People living in long-term care and assisted-living homes will be allowed to have one designated visitor come see them in a specified area — indoors, outdoors, and in some single rooms — the province announced Tuesday.

Visitors will need to wear masks and book appointments in advance. Facilities will need to submit plans to WorkSafeBC first and designate staff to screen everyone who enters the buildings, as well as space visits throughout each day.

Personal service providers, such as hairdressers and barbers will also be allowed to operate in care homes, but must also submit WorkSafeBC plans.

Visitors had been banned from care homes since mid-March, when the first outbreak was declared at the Lynn Valley Care Centre.

“As we all know, the COVID-19 pandemic has put us all to the test, and this has been particularly the case with our elders and seniors in care,” Provincial Health Officer Dr. Bonnie Henry said.

“Very early on in this pandemic, we learned that it is our seniors and elders who are most at risk of serious illness and death from COVID-19. Understanding this, we had to move quickly and decisively to protect our most vulnerable citizens.”

The province restricted visitors at care homes and limited staff to working at a single site.

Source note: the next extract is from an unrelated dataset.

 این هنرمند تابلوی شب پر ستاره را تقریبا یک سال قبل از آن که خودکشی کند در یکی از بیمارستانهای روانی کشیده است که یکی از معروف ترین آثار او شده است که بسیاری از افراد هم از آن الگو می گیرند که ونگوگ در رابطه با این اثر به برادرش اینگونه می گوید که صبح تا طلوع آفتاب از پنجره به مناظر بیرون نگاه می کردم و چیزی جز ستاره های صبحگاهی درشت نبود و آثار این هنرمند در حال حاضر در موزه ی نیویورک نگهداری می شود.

“Despite our efforts, families have lost mothers, fathers, and grandparents every day. This weighs heavily on us,” Henry said.

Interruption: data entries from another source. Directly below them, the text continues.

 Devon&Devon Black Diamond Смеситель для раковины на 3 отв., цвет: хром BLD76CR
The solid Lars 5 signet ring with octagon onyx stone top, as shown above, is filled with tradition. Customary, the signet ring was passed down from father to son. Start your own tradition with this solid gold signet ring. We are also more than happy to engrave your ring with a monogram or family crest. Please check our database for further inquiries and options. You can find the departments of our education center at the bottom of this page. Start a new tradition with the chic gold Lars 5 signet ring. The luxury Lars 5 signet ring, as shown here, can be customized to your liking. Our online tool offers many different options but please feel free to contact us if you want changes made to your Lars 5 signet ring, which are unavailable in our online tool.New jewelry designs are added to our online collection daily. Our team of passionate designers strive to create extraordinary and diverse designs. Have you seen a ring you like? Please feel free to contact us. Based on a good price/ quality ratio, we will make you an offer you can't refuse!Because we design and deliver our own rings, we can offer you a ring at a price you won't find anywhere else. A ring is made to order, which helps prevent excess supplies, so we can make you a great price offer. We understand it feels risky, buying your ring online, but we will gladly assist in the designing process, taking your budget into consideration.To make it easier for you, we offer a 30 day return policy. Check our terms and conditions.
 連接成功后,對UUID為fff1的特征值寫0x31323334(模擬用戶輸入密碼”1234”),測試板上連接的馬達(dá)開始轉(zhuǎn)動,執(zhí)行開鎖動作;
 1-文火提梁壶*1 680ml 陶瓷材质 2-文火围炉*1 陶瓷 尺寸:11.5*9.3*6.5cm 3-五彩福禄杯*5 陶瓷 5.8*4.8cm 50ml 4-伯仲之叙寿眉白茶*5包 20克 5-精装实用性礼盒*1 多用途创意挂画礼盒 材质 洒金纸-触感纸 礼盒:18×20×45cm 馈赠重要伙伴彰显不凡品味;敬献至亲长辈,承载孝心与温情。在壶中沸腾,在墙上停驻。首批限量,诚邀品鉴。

To date, 174 people in B.C. have died from COVID-19. More than half are linked to care homes, the largest source of cases in the province.

 

Currently, outbreaks remain active at four long-term care or assisted-living facilities.

Henry said visits will initially be limited to one person.

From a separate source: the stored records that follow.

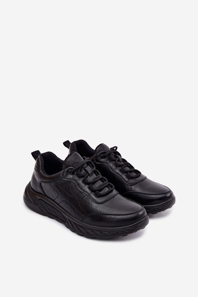 Sneakersy Męskie Eko Skórzane Czarne Torven
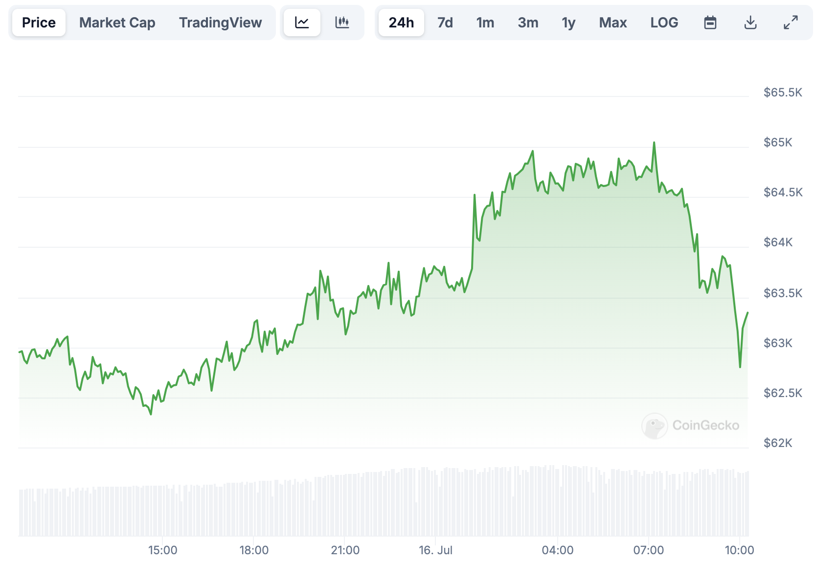 «Цифровое золото» тем временем торгуется по $63 324. Согласно CoinGecko, за последние сутки курс актива вырос на 0,6%, а за неделю — более чем на 10%.
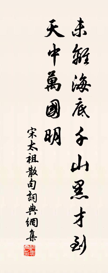 詩詞名句歷史字典書法欣賞書法字典國語詞典說文解字康熙字典古漢語字典標 題 作 者 詩 句 句作者:宋太祖 朝代:宋代句原文未離海底千山黑,才到天中萬國明。詩詞問答問:句的作者是誰?答:宋太祖問:句寫於哪個朝代?答:宋代問:句是什麼體裁?答:句宋太祖句書法欣賞句書法作品詩詞推薦薙草李復〔宋代〕眾草費薙鋤,回首已芒翳。隨處競茀冗,苟生無遠意。時亦吐柔蔓,牽引強附離。端居嘆力寡,門庭愧蕪穢。真州雜賦文天祥〔宋代〕我作朱金沙上游,諸君冠蓋渡瓜洲。淮雲一片不相隔,南北死生分路頭。題公震小景晁說之〔宋代〕萬古興亡歸白鷺,一時舒慘在青山。與君都下太平日,豈料思君鼙鼓間。送江朝宗歸括蒼范成大〔宋代〕半生三邂逅,相看成老翁。詩情故崒嵂,袖有天都峰。江山佳麗地,登臨苦匆匆。塔燈落淮水,寺樓倚霜空。擴拾丙寅九月二十八日作來年將告老辛棄疾〔宋代〕漸識空虛不二門,掃除諸幻絕根塵。此心自擬終成佛,許事從今只任真。有我故應還起滅,無求何自別冤親。西山讀公擇篋中徐季益孫子進昆仲詩有懷其人因以趙蕃〔宋代〕我貧猶說在有貧,覊旅如君更感人。強道詩工能泣鬼,未如錢夥可通神。方竹張詠〔宋代〕枝枝方直綠參參,林葉疏紅始見心。卻恐法時惡圓佞,結根遙向楚雲深。數日項頰顴咽腫痛發中有瘡方回〔宋代〕有生必死理之常,酒到何為不舉觴。未問劉伶墳上土,何妨張詠鬢邊瘡。叔和解訣行屍脈,仲景工言越婢湯。知命又和南塘十首劉克莊〔宋代〕□□漁輒獲,元□□幾戕。不足煩三顧,毋寧且□□。刳鑽供卜筮,巾笥沐恩光。何似泥中伏,朝朝出太陽。洛陽河亭奉酬留守群公追送(一作李逸詩)李益〔唐代〕離亭餞落暉,臘酒減春衣。歲晚煙霞重,川寒雲樹微。戎裝千里至,舊路十年歸。還似汀洲雁,相逢又背飛。送邵省元何文季〔宋代〕血汗文場日未東,秋香壓倒萬花叢。幾年豹隱山中霧,一息鵬摶海上風。魁業正須期遠大,微官豈足論窮通。龍門寄題成都張宰壓雲樓二絕洪咨夔〔宋代〕氣如軻也生於義,道似參乎任以仁。乾蓋坤輿猶塞破,何難壓倒玉嶙峋。送元八張籍〔唐代〕百神齋祭相隨遍,尋竹看山亦共行。明日城西送君去,舊遊重到獨題名。一寸金佚名〔宋代〕頓悟修行道理,除情戰睡敵魔。不貪名利少風波。懶散隨緣且過。飢後尋街乞飯,飽時信步蹉跎。閒來古廟唱哩*詠史上光武明帝陳普〔宋代〕後宮任姒古今希,前殿弦歌鳳已知。孔子孟軻真薄命,不生建武永平時。邵陵作張謂〔唐代〕嘗聞虞帝苦憂人,只為蒼生不為身。已道一朝辭北闕,何須五月更南巡。昔時文武皆銷鑠,今日精靈常寂寞。斑竹賞心亭曾極〔宋代〕柱上題名客姓蘇,江山清絕冠吳都。六花飛舞憑闌處,一本天生臥雪圖。蓮塘孟遲〔唐代〕脈脈低回殷袖遮,臉橫秋水髻盤鴉。蓮莖有刺不成折,盡日岸傍空看花。石竹花詠陸龜蒙〔唐代〕曾看南朝畫國娃,古蘿衣上碎明霞。而今莫共金錢斗,買卻春風是此花。蔡推官之父母與伯父母輓詩魏了翁〔宋代〕人生宇宙皆同氣,況此根心貫一機。安用有生銜父恤,只愁無德報春輝。桂芳春老傷何及,樹靜風號原竟違。更恨名句推薦如夢,如夢,殘月落花煙重。李存勖《如夢令·曾宴桃源深洞》 上有青冥之長天,下有淥水之波瀾李白《長相思·其一》 昔別君未婚,兒女忽成行杜甫《贈衛八處士》 春水碧於天,畫船聽雨眠。韋莊《菩薩蠻·人人盡說江南好》 雪暗凋旗畫,風多雜鼓聲。楊炯《從軍行》 言必信,行必果。孔子弟子《論語·子路篇》 功過不宜少混,混則人懷惰隳之心洪應明《菜根譚·概論》 花自飄零水自流。一種相思,兩處閒愁。李清照《一剪梅·紅藕香殘玉簟秋》 守身不敢妄為,恐貽羞於父母王永彬《圍爐夜話·第三四則》 風摧寒棕響,月入霜閨悲。李白《獨不見》
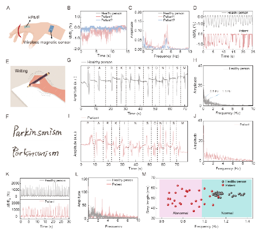 Figure 4. 利用HPME监测早期帕金森样症状。(A)采用HPME贴片进行手部震颤监测的示意图。(B)模拟重度/轻度帕金森样震颤与健康对照的实时磁信号。(C)突出显示主导震颤频率的频谱图。(D)模拟帕金森病与健康对照前臂运动的实时监测。(E)书写过程中震颤监测示意图。(F)代表性书写样本:正常与模拟震颤。(G,H)健康个体书写诱导的实时磁场(G)及对应的FFT分析(H)。(I,J)模拟帕金森样震颤个体书写诱导的磁场(I)及FFT分析(J)。(K)模拟帕金森病与健康对照的实时步态监测。(L)步态信号的FFT分析。(M)模拟患者与健康对照步态监测中的步频和步幅。
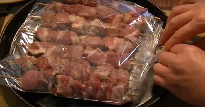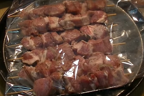 Помістіть шпажки з м’ясом в рукав для запікання. Укладайте шашлик в ряд, щоб дати йому можливість рівномірно прожаритися з усіх боків.

RELATED: B.C. to release plan for long-term care home visits

“We are going to start slowly,” she said. “And as we expect, things will progress We’ll expand these activities, as we have done with every other activities, and we will be monitoring this on an ongoing basis to ensure that we can expand access as soon as it’s safe to do.”

Long-term care homes with active outbreaks cannot have visitors, Henry added.

Visits at care homes can begin once safety plans are in place, while the provincial policy will be reviewed monthly.

“Of course, we’re all a little anxious because we know what we can happen if we don’t get this right,” Henry said. “And it is something that has weighed on us, and me, as well, over the last many weeks. But moving thoughtfully, with care will give us the confidence that we need to move forward.”

Health Minister Adrian Dix added the province will provide more than $160 million for long-term care and assisted-living facilities in B.C. to hire up to three full-time staff.

“This could total as many as 2,040 additional staff dedicated to ensuring infection prevention and control measures for COVID-19 are followed to support safe visitation,” he said.

The province is also providing $26.5 million for care home facilities, Dix added, to address pandemic-related costs incurred between March 31 and June 30.

The visitation policy does not apply to acute-care facilities.